The prison letters, for example, drive home the torment that this intensely emotional and family-conscious man felt over the police persecution of Winnie Mandela and his inability to protect her. But this is a clear theme of the autobiography, where he tells of “the many sleepless nights” and “mental torture” he suffered on her account.
Conversations sometimes leaves one with the uncomfortable sense of sparse source material stretched to breaking point.
It devotes no fewer than 50 pages to Mandela’s gnomic jottings on calendars he used on Robben Island and Pollsmoor and Victor Verster prisons, for example, which tell us very little and sometimes descend into comic anticlimax (“21 February 1986: Spent another 45 minutes with very important personage, Gen Obasanjo. Prior to this saw film: ‘Boetie gaan grens toe‘.”)
Mandela has three endearingly old-fashioned traits that make it difficult, in Harris’s words, to “penetrate (his) very formal public persona”: he is tight-lipped about his love life, he refuses to settle scores in public (“I shall stick to our vow: never, never, under any circumstances to say anything unbecoming of the other,” he writes to Fatima Meer) and he will not discuss the internal dynamics of the ANC, to which he remains unswervingly loyal.
There are interesting asides on sexual abstention in prison that highlight his self-mastery (“brain before blood”, as he terms it), and on his feelings about having a wife on the outside who was in contact with other men.
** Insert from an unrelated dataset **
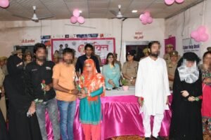 वरिष्ठ पुलिस अधीक्षक मुजफ्फरनगर संजय कुमार वर्मा उनकी धर्मपत्नी डॉ0 नीलम राय व पुलिस अधीक्षक अपराध/नोडल अधिकारी मिशन शक्ति श्रीमती इन्दु सिद्धार्थ द्वारा रिजर्व महिला थाना पर आयोजित कार्यक्रम में उपस्थित 21 दंपत्तियों को अग्रिम जीवन की शुभकामनाएं दी गयी साथ ही महिला थाना की समस्त पुलिस टीम को इस सराहनीय कार्य के लिये सम्मानित भी किया गया।

But anyone hoping that Conversations will illuminate the failure of his first marriage or his divorce from Winnie will be disappointed.
Equally, nothing here sheds new light on the controversies of the transition to democracy or his presidency — his troubled relationship with FW de Klerk, for example, or his choice of Mbeki over Cyril Ramaphosa as his political heir.
In his introduction Harris draws a grandiose parallel between Conversations and the Meditations of Marcus Aurelius. This is off the mark, for the reason that Mandela is not a philosopher or littérateur — nor would he claim to be. Many of his thoughts are simple and homespun, often to the point of triteness.
It is his life and leadership that really matter and the timeless virtues of endurance, self-sacrifice, forgiveness, sincerity and humility that they embody.